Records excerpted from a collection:
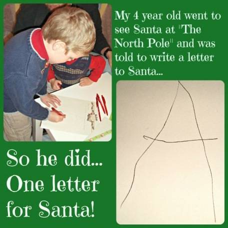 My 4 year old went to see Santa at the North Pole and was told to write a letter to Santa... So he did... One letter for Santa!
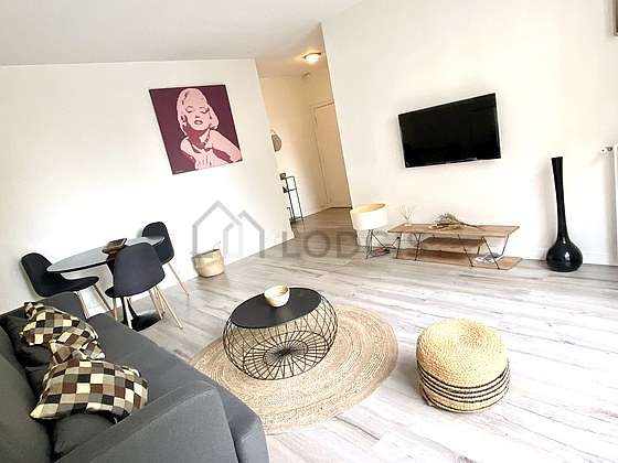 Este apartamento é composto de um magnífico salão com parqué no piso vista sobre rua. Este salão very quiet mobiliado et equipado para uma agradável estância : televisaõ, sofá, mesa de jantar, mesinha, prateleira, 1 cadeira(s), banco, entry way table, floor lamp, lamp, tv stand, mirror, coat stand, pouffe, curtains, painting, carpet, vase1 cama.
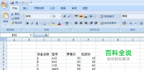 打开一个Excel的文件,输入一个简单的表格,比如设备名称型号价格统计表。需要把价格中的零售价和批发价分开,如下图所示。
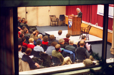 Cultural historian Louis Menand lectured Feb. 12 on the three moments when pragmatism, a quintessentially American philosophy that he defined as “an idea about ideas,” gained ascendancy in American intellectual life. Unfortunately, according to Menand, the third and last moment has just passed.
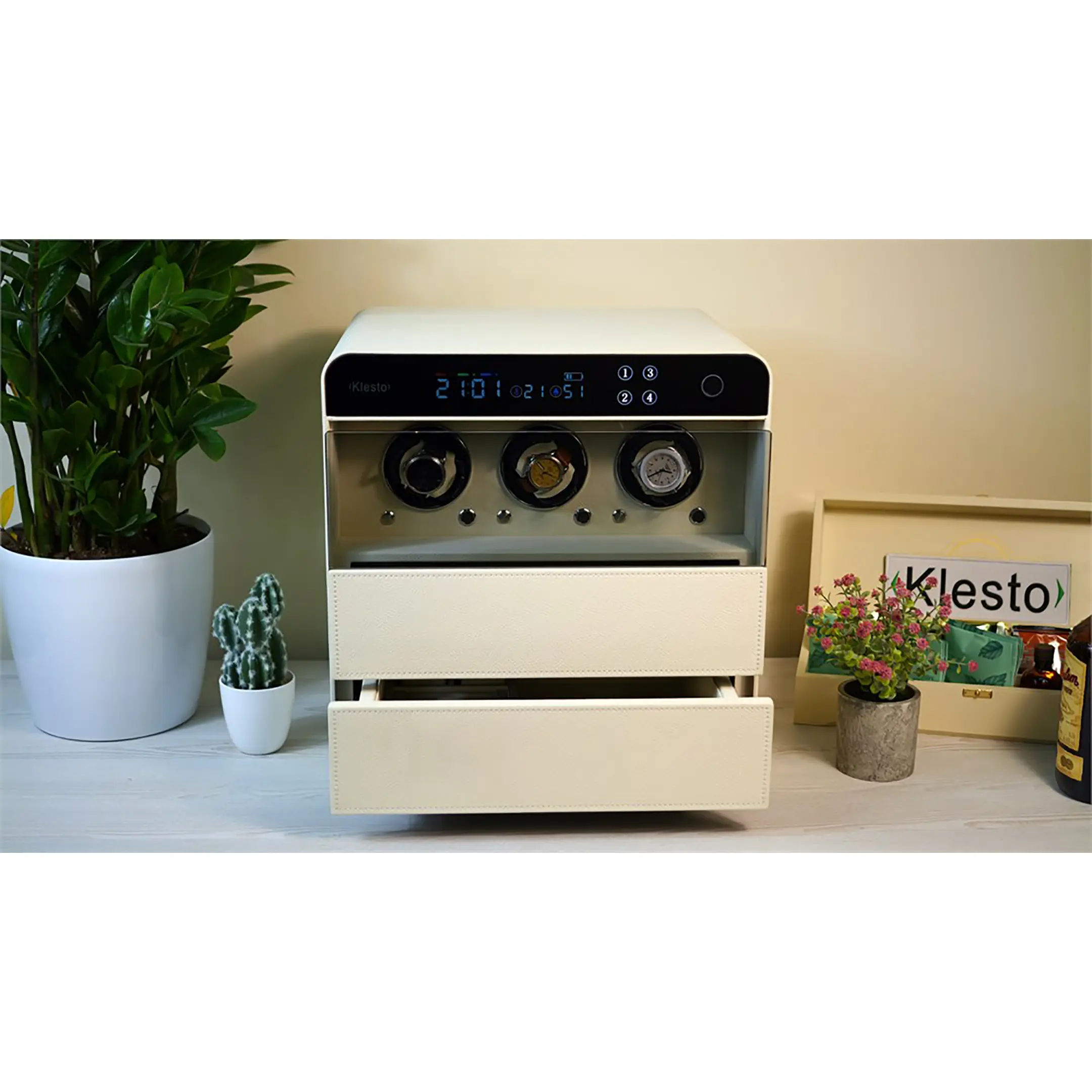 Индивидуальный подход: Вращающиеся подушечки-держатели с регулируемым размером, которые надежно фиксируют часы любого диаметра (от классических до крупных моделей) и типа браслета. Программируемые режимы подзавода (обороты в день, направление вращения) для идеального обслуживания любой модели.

Exercise requirements: Copy out the preceding entries without a single change, leaving out the pictures.

Answer section:
 My 4 year old went to see Santa at the North Pole and was told to write a letter to Santa... So he did... One letter for Santa!
 Este apartamento é composto de um magnífico salão com parqué no piso vista sobre rua. Este salão very quiet mobiliado et equipado para uma agradável estância : televisaõ, sofá, mesa de jantar, mesinha, prateleira, 1 cadeira(s), banco, entry way table, floor lamp, lamp, tv stand, mirror, coat stand, pouffe, curtains, painting, carpet, vase1 cama.
 打开一个Excel的文件,输入一个简单的表格,比如设备名称型号价格统计表。需要把价格中的零售价和批发价分开,如下图所示。
 Cultural historian Louis Menand lectured Feb. 12 on the three moments when pragmatism, a quintessentially American philosophy that he defined as “an idea about ideas,” gained ascendancy in American intellectual life. Unfortunately, according to Menand, the third and last moment has just passed.
 Индивидуальный подход: Вращающиеся подушечки-держатели с регулируемым размером, которые надежно фиксируют часы любого диаметра (от классических до крупных моделей) и типа браслета. Программируемые режимы подзавода (обороты в день, направление вращения) для идеального обслуживания любой модели.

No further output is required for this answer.